Cheers to the continued efforts in Maine to increase organ donation rates.
In 2003, Maine was first in the nation to sign into law a guarantee that the donation wishes of the deceased are honored, and last week Rep. Brian Langley, R-Ellsworth, hosted a press conference urging Mainers to become donors.
According to Langley, 90 percent of Americans support organ donation, but only 30 percent know what to do to become organ donors. One of easiest ways is to ensure the Department of Motor Vehicles affixes a donor sticker to your license every time you renew, a visible way for emergency workers to recognize a donor’s wishes in cases of traumatic accidents.
A woman who spoke at Tuesday’s press conference noted that 18 people die every day in Maine for lack of an organ donation. That death rate actually applies to the entire country, but her point is well taken. People across this country are in desperate need of organ transplants, a need often filled by the dead.

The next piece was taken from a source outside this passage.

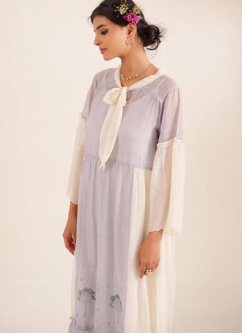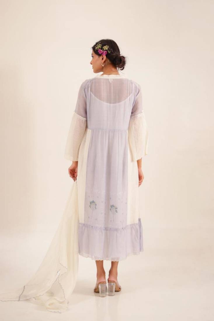 | Product Description | A Powder Blue And Cream Panelled Dress With Block Print On It And A Charming Bow Tie Neckline.Sheer Flared Sleeves With Scalloped Details Which Add An Elegant Touch.Comes With A Matching Soft Slip And A Dupatta With Intricate Embroidery, Completing The Graceful And Feminine Look. Light, Flowy, And Perfect For Summer Days Or Special Occasions. |

The living must become more proactive about assigning donor status while they can, so once dead, someone else can live.
Cheers to Museum L-A for organizing a downtown duathlon for June 27 in Lewiston. This event joins other popular athletic competitions in the Twin Cities, including the Greater L-A Triple Crown 5K Series and the annual Great Falls Criterium in downtown Auburn.
The duathlon will be open to 500 people to compete in a 3-mile run, a 14-mile bike course followed by another 3-mile run between and around Lewiston’s mill buildings, or what Museum L-A is calling the city’s “historic millscapes.” It’s a terrific opportunity to shine a spotlight on Lewiston; a visual way to enjoy and experience the downtown.
At some distant date, the duathlon could become a triathlon, incorporating the Androscoggin River in either a canoe/kayak or swim event. Jeers to the lagging environmental efforts to re-classify the river as a Class B waterway. If New York can upgrade the Hudson River alongside Manhattan well enough to host multiple swim events there, including several triathlons, surely Maine can get the Androscoggin in swim condition.
Cheers to the Lewiston-Auburn Economic Growth Council for its effort to lure Google to Maine. The council has launched an effort to convince the search engine giant to build its experimental super high-speed computer network here.
We’ll be competing against other cities that are much bigger than Lewiston-Auburn, so we’ll have to make a splash.
In Duluth, Minn., the mayor literally splashed into freezing Lake Superior for a swim last week. The mayor of Sarasota, Fla., jumped into a tank full of sharks — another wacky splash. If Topeka, Kan., wins, the mayor has pledged to change the name of the city to Google, Kan. Is that next to Oz?
The application to Google is being managed by the Androscoggin Valley Council of Governments, which cuts a pretty wide path through western Maine, including the Oxford Hills. AVCOG isn’t planning any stunts, but will rely on videotaped pleas from the heart to carry its bid to bring super high-speed to our communities, relying on the sincerity of senior citizens, students and others, perhaps even a cat or two.
Good idea, but a stunt wouldn’t hurt. We suggest AVCOG and the Growth Council look to Buckfield, where Fritz Grobe and Stephen Voltz of Mentos and Diet Coke geyser fame could probably put together a stunt to draw winning notice.
Their Eepybird videos are, after all, proven winners.